The Dartmouth Atlas Project has released a report today that hospital stays in the last six months of life are up, and treating chronic illnesses in the last two months of life uses up about one-third of all Medicare dollars. Despite that, most Americans say they don't want to be hospitalized while they are dying. In a story about the finding, the Associated Press Huffington Post tells the story of a 32-year-old woman who died of a brain tumor whose family says she would have forgone those needless surgeries and treatments had she known she could.
While end-of-life care is certainly the boogeyman that helped fuel the "death panels" nonsense, it is uncomfortable to talk about palliative care and other treatments for the dying in terms of cost-effectiveness. But what this also should punch a hole in is the persistent and annoying theory that Americans are actually actively driving up their own health-care costs by demanding needless treatments despite doctors' advice and threatening to sue if they don't get it. The theory is that if we forced people to pay more out-of-pocket for each procedure, we'd end the all-you-can-eat buffet approach patients take to care.

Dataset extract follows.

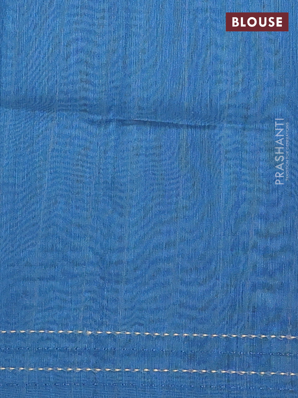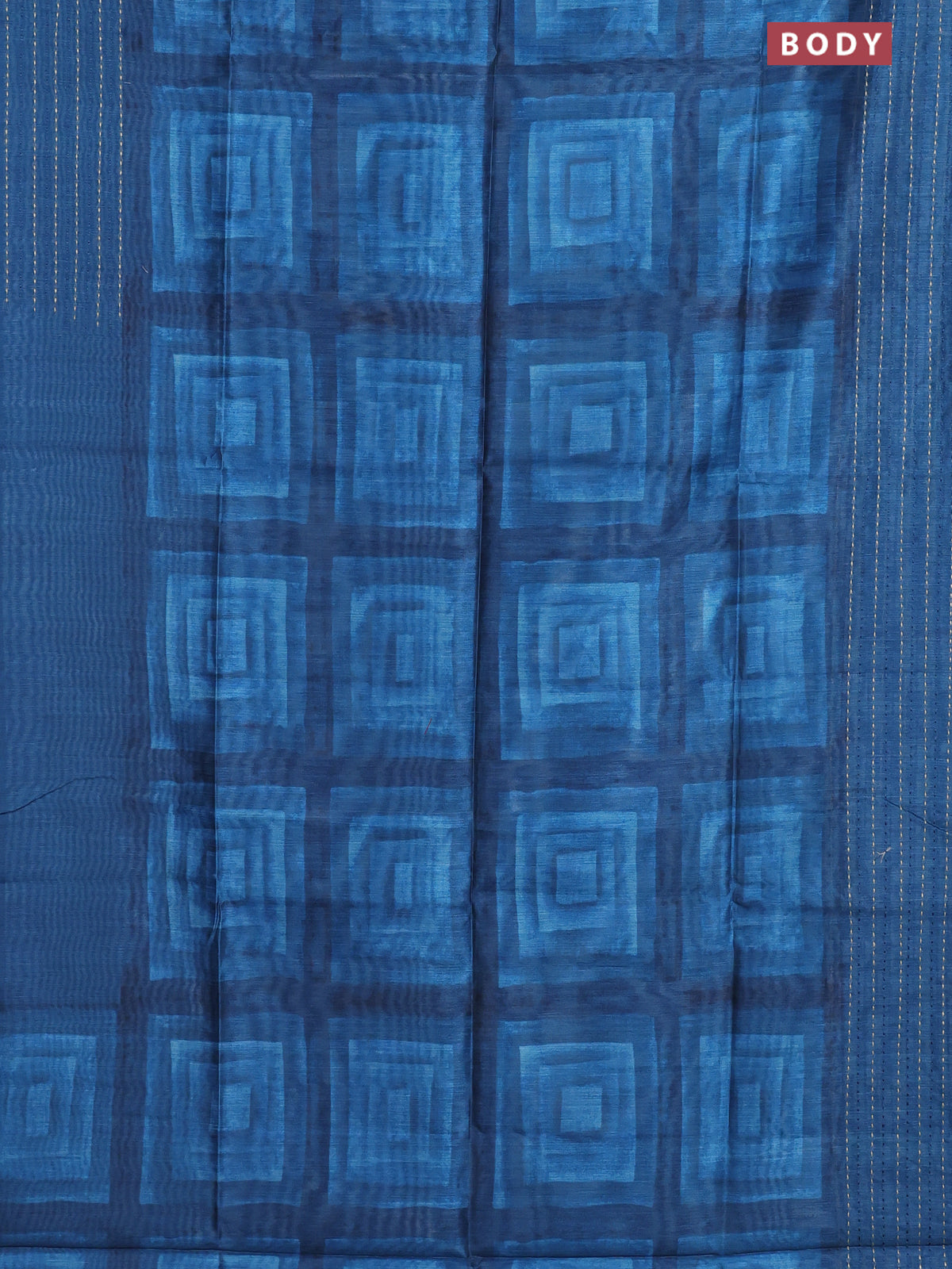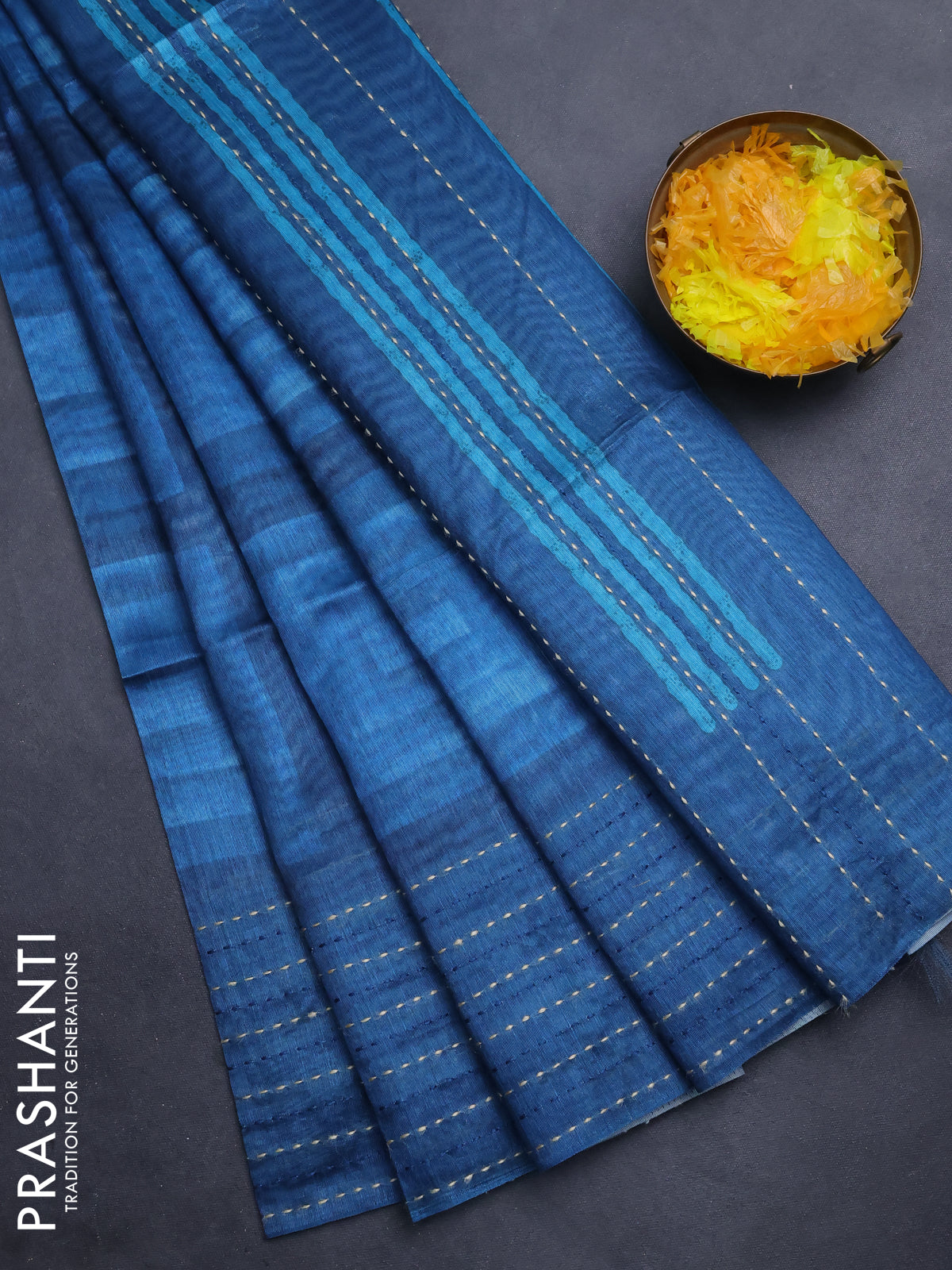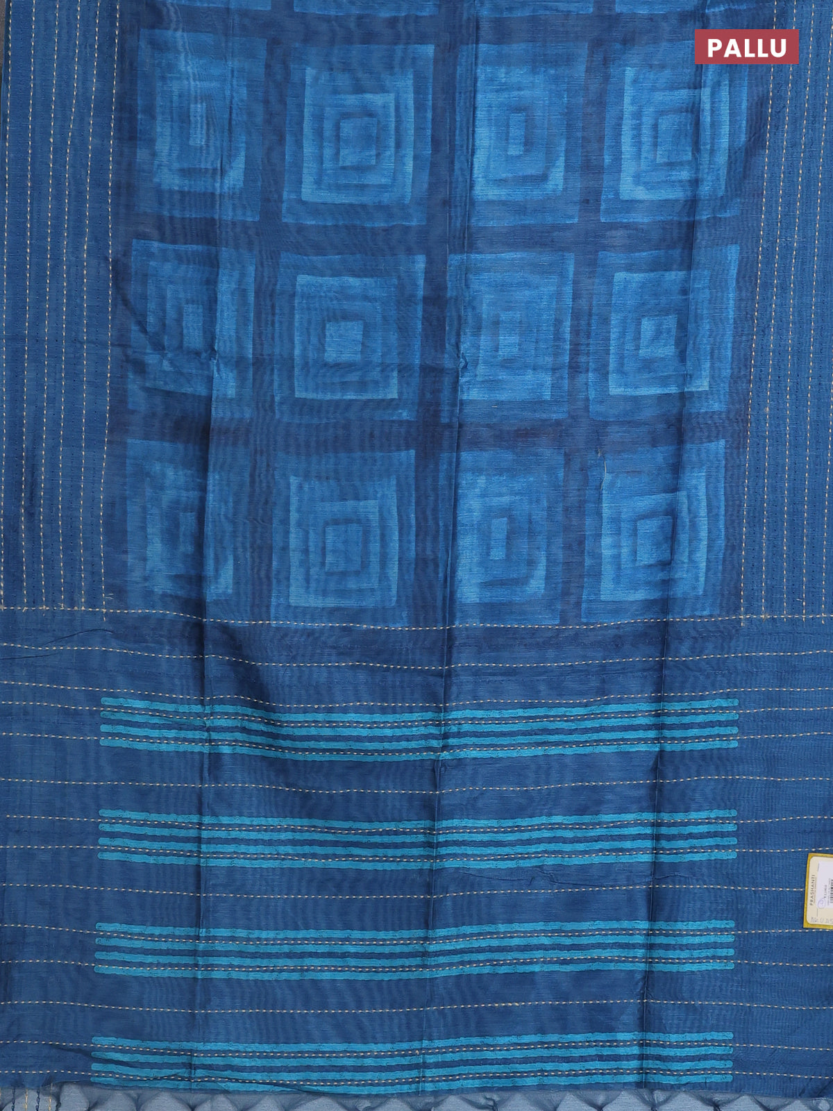 Semi tussar saree cs blue with allover geometric prints and katha stitch work pallu & border

But what probably happens just as often is that doctors don't communicate well to patients about what is likely, or what they need, or doctors order needless tests because they have the patient in their care anyway and want to be on the safe side. I'm a pretty well-educated person, but if I'm in a doctor's office and I find out something might be wrong with me, I'm going to pretty much do whatever they say and figure out how to pay my share later. I'm not going to haggle, and I'm not going to question whether a test "just to be safe" is the right idea.
This is one of the reasons health-care costs are so different from other markets. As Matt Yglesias wrote, we demand the care part of health care, and a bargain doesn't sound as good as a bargain on a dining set would be. But also, it involves life or death, and there is a fundamental information asymmetry between the patient and the doctor. This is why the price controls have to come from the people who pay, who can conduct and trust the kinds of studies that tell them what requires intervention and when it's best to let someone let go.
UPDATE: The earlier version of this post misattributed the story, and also said the report was released today when the data is actually older.